If you are trying to understand your options, this page covers the full range of treatment choices for drug and alcohol addiction and how to match the right one to your situation.
Key points
- Addiction treatment is not a single program. It is a continuum that ranges from residential care to outpatient therapy and peer support.
- The right level of care depends on the substance involved, addiction severity, the presence of co-occurring conditions, and home environment stability.
- Medication-assisted treatment (MAT) is an evidence-based option for opioid and alcohol use disorders.
- Most major insurance plans are required under the Affordable Care Act to cover substance use disorder treatment.
- Aftercare planning is a critical part of effective treatment, not an optional add-on.
- A quality treatment program will be licensed by its state, accredited by a recognized body, and use evidence-based approaches.
In This Article:
- Is addiction treatable?
- Levels of care explained
- How to choose the right level of care
- Online and telehealth addiction treatment
- Medication-assisted treatment (MAT)
- Therapy and behavioral treatment
- Treating co-occurring mental health conditions
- Specialty treatment programs
- Support groups and peer recovery
- How much does addiction treatment cost?

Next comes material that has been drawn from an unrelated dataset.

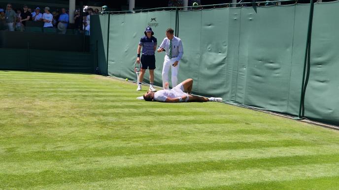 UF! DRAMATIČNE SCENE NA VIMBLDONU - MEĐEDOVIĆ DOŽIVEO NEZGODNU POVREDU! Srpski teniser u bolovima ležao na travi, svi se ZALEDILI OD STRAHA! FOTO

- What to look for in a treatment center
- What happens after treatment?
- Treatment FAQs
Is addiction treatable?
Yes. The National Institute on Drug Abuse (NIDA), the American Society of Addiction Medicine (ASAM), and SAMHSA all classify addiction as a treatable chronic disease. Research shows that most people who enter treatment and remain in it stop or substantially reduce their drug and alcohol use, reduce criminal activity where applicable, and improve their occupational, social, and psychological functioning.2
No single treatment approach works for everyone. Effective treatment is matched to an individual’s clinical needs, addresses more than substance use in isolation, and adjusts over time as those needs change. NIDA identifies 13 principles of effective drug addiction treatment, which form the scientific basis for what “evidence-based” means in a clinical addiction context.

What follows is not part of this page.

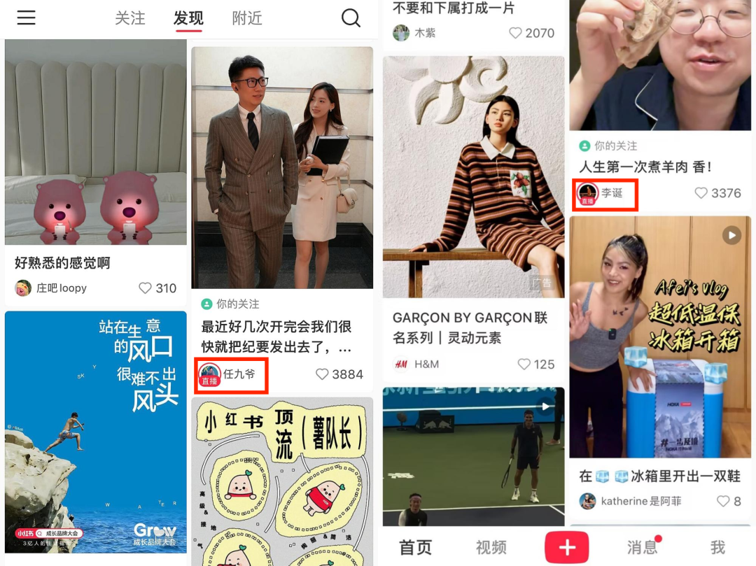 应用页面的变化更加直观。打开小红书,内容直播已经和图文、视频笔记一起融入小红书主页的双列流中,正在直播的主播头像会呈现“呼吸灯”,在所有场域透出,这也会进一步吸引用户注意,点进创作者主页观看直播。

Among the most important: treatment does not need to be voluntary to be effective, and behavioral therapy combined with medication where applicable produces the best outcomes for most people.2
If you are still asking whether a problem exists, our drug and alcohol addiction guide covers the signs, causes, and nature of addiction in detail before you think about treatment options.

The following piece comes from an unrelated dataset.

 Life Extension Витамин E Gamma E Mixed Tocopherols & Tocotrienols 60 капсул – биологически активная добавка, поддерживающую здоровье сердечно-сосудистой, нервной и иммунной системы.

The treatment continuum: levels of care explained
Addiction treatment is not a single program. It is a continuum with different levels of intensity matched to different stages of severity and recovery. The American Society of Addiction Medicine defines this continuum from early intervention through medically managed intensive inpatient care.3

Most people move through multiple levels during a full course of treatment, stepping down in intensity as they stabilize.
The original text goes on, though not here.